The set of all possible input values (x-values) for which the function is defined.

Explain the relationship between the tangent function and the unit circle.

On the unit circle, $\tan(\theta)$ represents the slope of the terminal ray. It's the ratio of the y-coordinate (sine) to the x-coordinate (cosine).

Why does the tangent function have vertical asymptotes?

Tangent has vertical asymptotes where $\cos(\theta) = 0$ , because $\tan(\theta) = \frac{\sin(\theta)}{\cos(\theta)}$ . Division by zero is undefined.

Why is the period of the tangent function $\pi$ and not $2\pi$ ?

The slope of the terminal ray on the unit circle repeats every $\pi$ radians (half-rotation), unlike sine and cosine which repeat every $2\pi$ radians.

Explain how the sign of $\tan(\theta)$ changes in different quadrants of the unit circle.

Quadrant I: Positive (both sine and cosine are positive). Quadrant II: Negative (sine is positive, cosine is negative). Quadrant III: Positive (both sine and cosine are negative). Quadrant IV: Negative (sine is negative, cosine is positive).

Describe the behavior of the tangent function near its asymptotes.

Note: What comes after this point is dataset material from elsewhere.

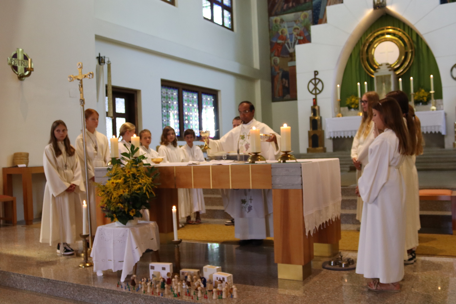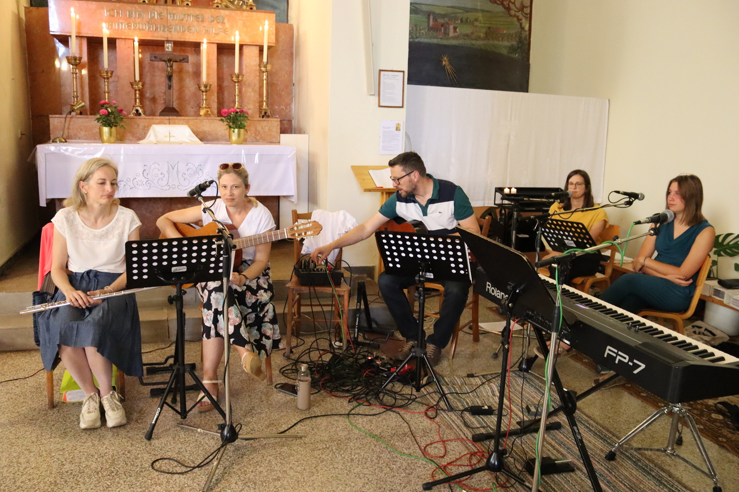 Am letzten heißen und sonnigen Sommersonntag feierte die Pfarrfamilie ihr Pfarrfest mit allem was dazu gehört: Begonnen wurde mit einer stimmigen Familienmesse mit schwungvoller Musik und vielen Kindern, die mitgestaltet haben, zu Mittag gab es reichlich Essen für die unterschiedlichen Geschmäcker und am Nachmittag Süßes beim Mehlspeisstandl oder kühles Spritziges beim Weinstand.

As $x$ approaches an asymptote, $\tan(x)$ approaches either positive infinity or negative infinity. The function becomes infinitely steep.

How does a negative 'a' value in $y = a \tan(x)$ affect the graph?

A negative 'a' value reflects the graph of $y = \tan(x)$ over the x-axis.

Explain the effect of changing 'b' in the tangent function.

Changing 'b' in $y = \tan(bx)$ alters the period of the tangent function. A larger 'b' compresses the graph horizontally, decreasing the period, while a smaller 'b' stretches the graph horizontally, increasing the period.

Describe the range of the standard tangent function.

The range of the standard tangent function, $y = \tan(x)$ , is all real numbers, or $(-\infty, \infty)$ .

Explain the concept of phase shift in a tangent function.

Phase shift is the horizontal translation of a tangent function. In the equation $y = a \tan(b(x - c)) + d$ , 'c' represents the phase shift. A positive 'c' shifts the graph to the right, while a negative 'c' shifts it to the left.

What does the 'd' value represent in the equation $y = a \tan(b(x - c)) + d$ ?

The 'd' value represents the vertical shift of the tangent function. A positive 'd' shifts the graph upward, while a negative 'd' shifts it downward.

What does the steepness of the tangent function's graph indicate?

The steepness indicates the rate of change of the function. Near the asymptotes, the function changes very rapidly.

How can you identify the period of a tangent function from its graph?

The period is the distance between two consecutive vertical asymptotes.

How does the graph of $y = -\tan(x)$ differ from $y = \tan(x)$ ?

The graph of $y = -\tan(x)$ is a reflection of $y = \tan(x)$ over the x-axis.

How can you identify a phase shift from the graph of a tangent function?

Compare the location of the asymptotes to the standard $y = \tan(x)$ graph. A horizontal shift in the asymptotes indicates a phase shift.

What does a vertical shift do to the graph of a tangent function?

It moves the entire graph up or down, changing the y-coordinates of all points on the graph.

How does the graph of $y = a \tan(x)$ change when $|a| > 1$ ?

The graph is vertically stretched, making it steeper compared to the graph of $y = \tan(x)$ .

How does the graph of $y = \tan(bx)$ change when $b > 1$ ?

The graph is horizontally compressed, decreasing the period and bringing the asymptotes closer together.

What does the symmetry of the tangent function about the origin indicate?

It indicates that the tangent function is an odd function, meaning $\tan(-x) = -\tan(x)$ .

If a tangent graph has asymptotes at $x = 0$ and $x = \pi$ , what is its period?

The period is $\pi$ (the distance between the asymptotes).

How can you tell from a graph if a tangent function has been reflected across the x-axis?

The function will decrease from left to right between asymptotes, instead of increasing.